Tapering appears to be the new "hot topic" for the U.S. macroeconomic framework. The low interest rate environment has substantially impacted the economy by supporting its recovery. On the other hand, the idea that this support from monetary expansion will, in time, begin to taper off, is being witnessed with a lot of caution as this macroeconomic event is expected to impact every industry. The performance of financial services industry has remained restricted in the low interest rate environment as the net interest margins for banks have been restrained. Therefore, the notion of tapering will introduce interesting dimensions in the financial services market. Similarly, the housing prices have shown a substantial improvement as the Case Schiller Housing Prices Index has shown a remarkable upswing. Going forward, the spillover effects of changes in the housing sector will also have far reaching consequences for the banking sector, specifically for the banks with a heavy exposure to the mortgage business.
In the last few days, S&P 500 has witnessed a relatively strong retreat which has resulted in a decrease in stock prices for the banking industry's major players as well. In the recent quarters, the financial services stocks have been soaring due to strong earnings reports by the large players. Bank of America (BAC) has been the strongest contender in terms of trade volume in the recent periods. In the last few days, the news regarding the company's $8.5 billion mortgage case has furthered the downward movement of the stock in comparison with other players as the stock price has declined by 5.35% since May 30th. In this analysis, I intend to review my recommendation of a long position in the stock.
Net Interest Margin Trend
The net interest margin has been a major concern for banking sector ever since the Federal Reserve introduced its monetary policy. Due to the lower interest rates, banks had to turn towards reserve releases and expense cuts in order to sustain their profitability in the face of low interest rates and stronger regulatory pressures. Bank of America's net interest income in FY12 also declined as compared to the previous years; however, the recent quarterly trends project a different picture.
Source: FY13Q1 Earnings Presentation
The above chart shows the net interest income and the net interest yield of Bank of America over the last five quarters. The bank's current net interest margin is still below the margin attained in the first quarter of FY12. However, in the last four quarters, the net margins have improved from 2.21% to 2.43%. At the same time, the net interest income has also improved over this period as long-term debt has been reduced and the commercial loans segment has shown a marked improvement. These facts show that the earnings of the bank cannot be entirely associated with their cost cutting measures. The improvement in bank's performance in key segments has also supported the overall earnings results.
Update on Litigation Cots
With the MBIA settlement, Bank of America was set to focus on its future strategies and operations. The settlement of that case resulted in a positive sentiment in the market as the stock price regained its momentum. However, recently the mortgage securities issue of Countrywide Financial Corp. has been brought to life again. Bank of America bought Countrywide in FY08 and proposed an $8.5 billion settlement for investors. Now the case has been opened as players like American International Group Inc. (AIG) contest that the settlement did not offer the full amount of their losses.
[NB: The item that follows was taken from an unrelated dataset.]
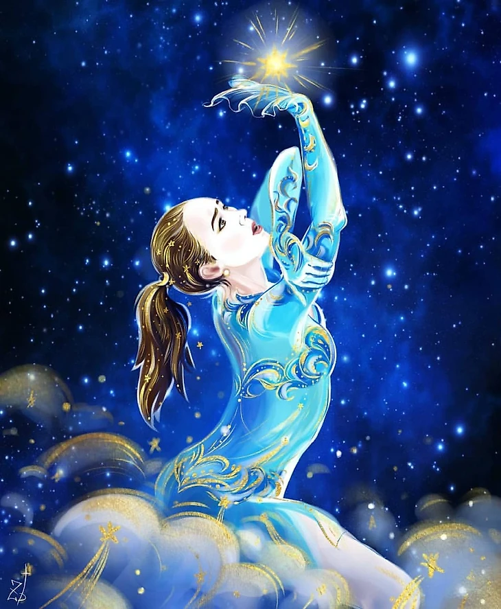 Очень красиво! Примечательно, что для этой работы образ Алины взят из ее юниорской программы "Самсон и Далила", очень любимой многими её болельщиками. Алина вдохновляла, вдохновляет и будет вдохновлять дальше. Потому что она и правда как-будто из сказки, нереальная какая-то...

The only certain aspect of this case is that it is expected to persist throughout the month of June.
Bearish analysts have proposed that the case could result in losses amounting $60 billion for Bank of America. A few of these analysts have also started to raise questions regarding the bank's balance sheet. In my opinion, these views are farfetched. It is too early to speculate regarding the possible losses, if any at all and the reduction of long-term debt over the last few years have substantially strengthened the balance sheet of the bank. The tier 1 capital proportion of the bank has improved over the last two years. Therefore, currently the only threat to Bank of America's future outlook is its legal issues which seem to continue despite utmost efforts of the bank.
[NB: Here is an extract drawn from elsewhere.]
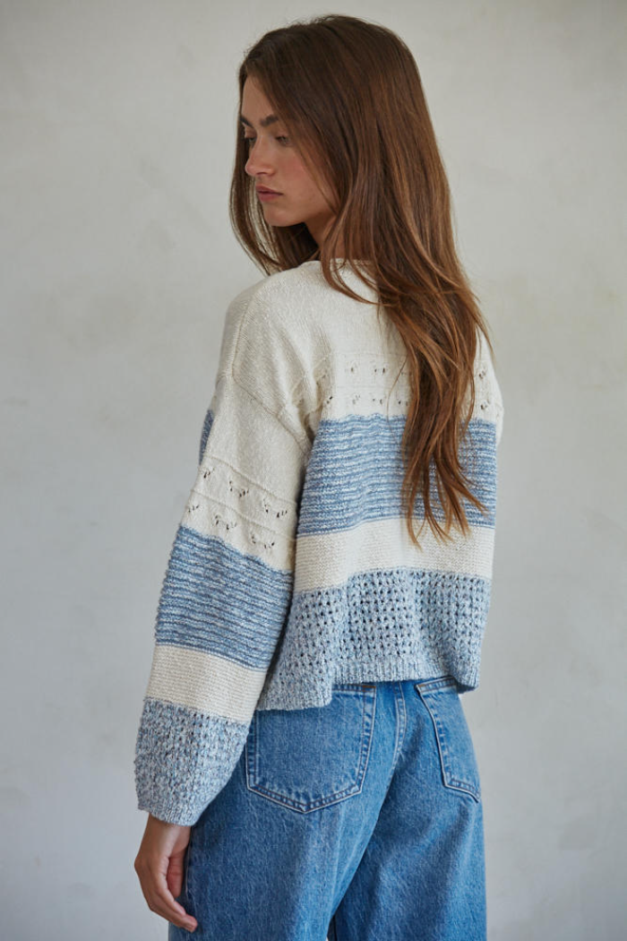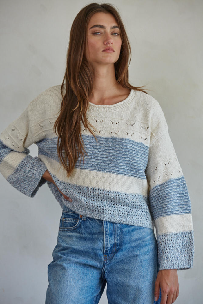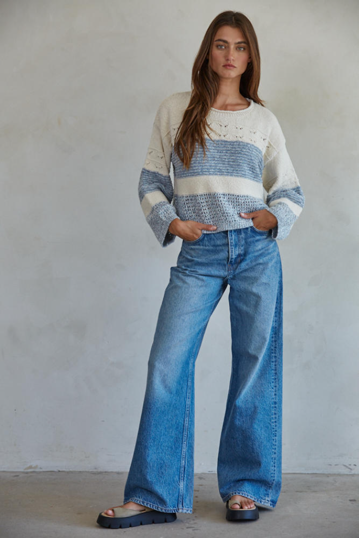 Knit Sweater Cotton Nylon Acrylic Polyester Striped Round Neck Long Sleeve Pullover Top

The overall retreat of the market from the last month's upswing, coupled with the news regarding the opening of the mortgage securities case has reduced the stock price of Bank of America to $13.09. These two factors are the major sources of short-term risk for the bank. Therefore, in the short run, the downward price movement is expected to persist for a while. However, in my opinion, this is not a signal to surrender the long position in the bank. In fact, investors should consider this decline as a considerable buying opportunity and look for decent entry points. Therefore, I reiterate my buy recommendation on Bank of America for the long run as the fundamental indicators suggest that the company will benefit the most from the overall economic recovery.